Improve Contrastive Clustering Performance by Multiple Fusing-Augmenting ViT Blocks
Cheng Wang, Shuisheng Zhou, Fengjiao Peng, Jin Sheng, Feng Ye, Yinli Dong
TL;DR
MFAVBs-CC addresses the limited exploitation of positive-pair complementarities in contrastive clustering by explicitly fusing intermediate ViT features across two augmented views using multiple fusing-augmenting ViT blocks and incorporating CLIP-derived semantic priors as a multimodal anchor. The method combines a fusion-and-splitting ViT block design with a CLIP-informed multimodal anchor to guide attention, and optimizes instance- and cluster-level objectives via end-to-end learning.

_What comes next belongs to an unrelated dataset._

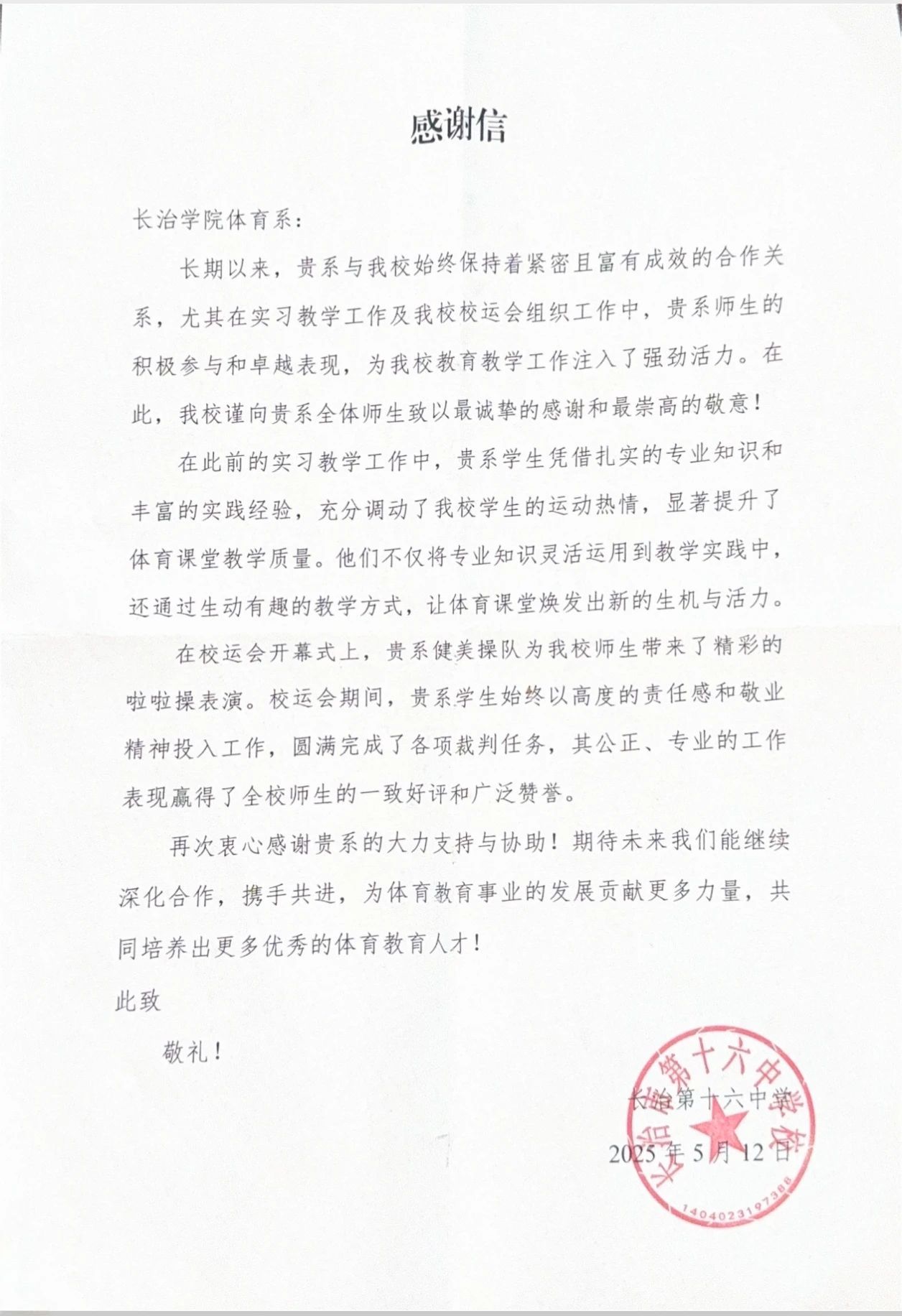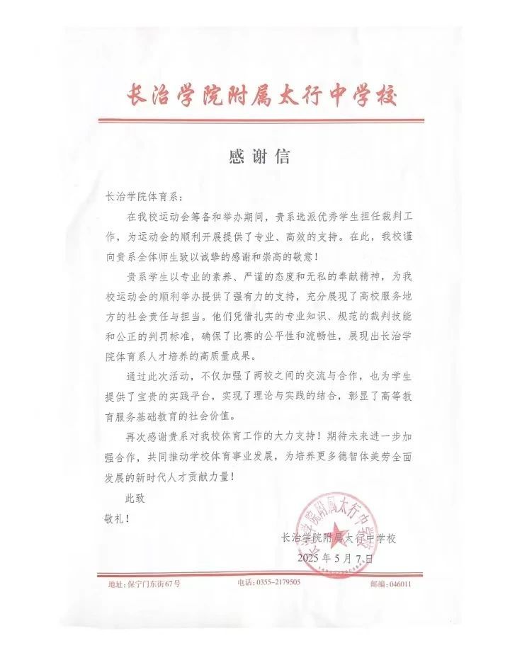 受太行中学和长治市第十六中学邀请,必威西汉姆联选派优秀学生前往两校运动会承担裁判工作和开幕式啦啦操表演任务。学生们凭借扎实的专业素养、严谨的工作态度和出色的组织能力,圆满完成了各项裁判和表演任务,赢得了两校师生的一致认可和高度赞扬。

Empirical results across seven public datasets, including remote sensing data, show consistent improvements over state-of-the-art ViT-based contrastive clustering methods, with notable gains in ACC, NMI, and ARI. The work demonstrates that explicit fusion of intermediate features and multimodal priors can enhance discriminability and clustering quality while remaining adaptable to different backbones and scalable with additional fusion blocks.
Abstract
In the field of image clustering, the widely used contrastive learning networks improve clustering performance by maximizing the similarity between positive pairs and the dissimilarity of negative pairs of the inputs. Extant contrastive learning networks, whose two encoders often implicitly interact with each other by parameter sharing or momentum updating, may not fully exploit the complementarity and similarity of the positive pairs to extract clustering features from input data. To explicitly fuse the learned features of positive pairs, we design a novel multiple fusing-augmenting ViT blocks (MFAVBs) based on the excellent feature learning ability of Vision Transformers (ViT). Firstly, two preprocessed augmentions as positive pairs are separately fed into two shared-weight ViTs, then their output features are fused to input into a larger ViT. Secondly, the learned features are split into a pair of new augmented positive samples and passed to the next FAVBs, enabling multiple fusion and augmention through MFAVBs operations. Finally, the learned features are projected into both instance-level and clustering-level spaces to calculate the cross-entropy loss, followed by parameter updates by backpropagation to finalize the training process. To further enhance ability of the model to distinguish between similar images, our input data for the network we propose is preprocessed augmentions with features extracted from the CLIP pretrained model. Our experiments on seven public datasets demonstrate that MFAVBs serving as the backbone for contrastive clustering outperforms the state-of-the-art techniques in terms of clustering performance.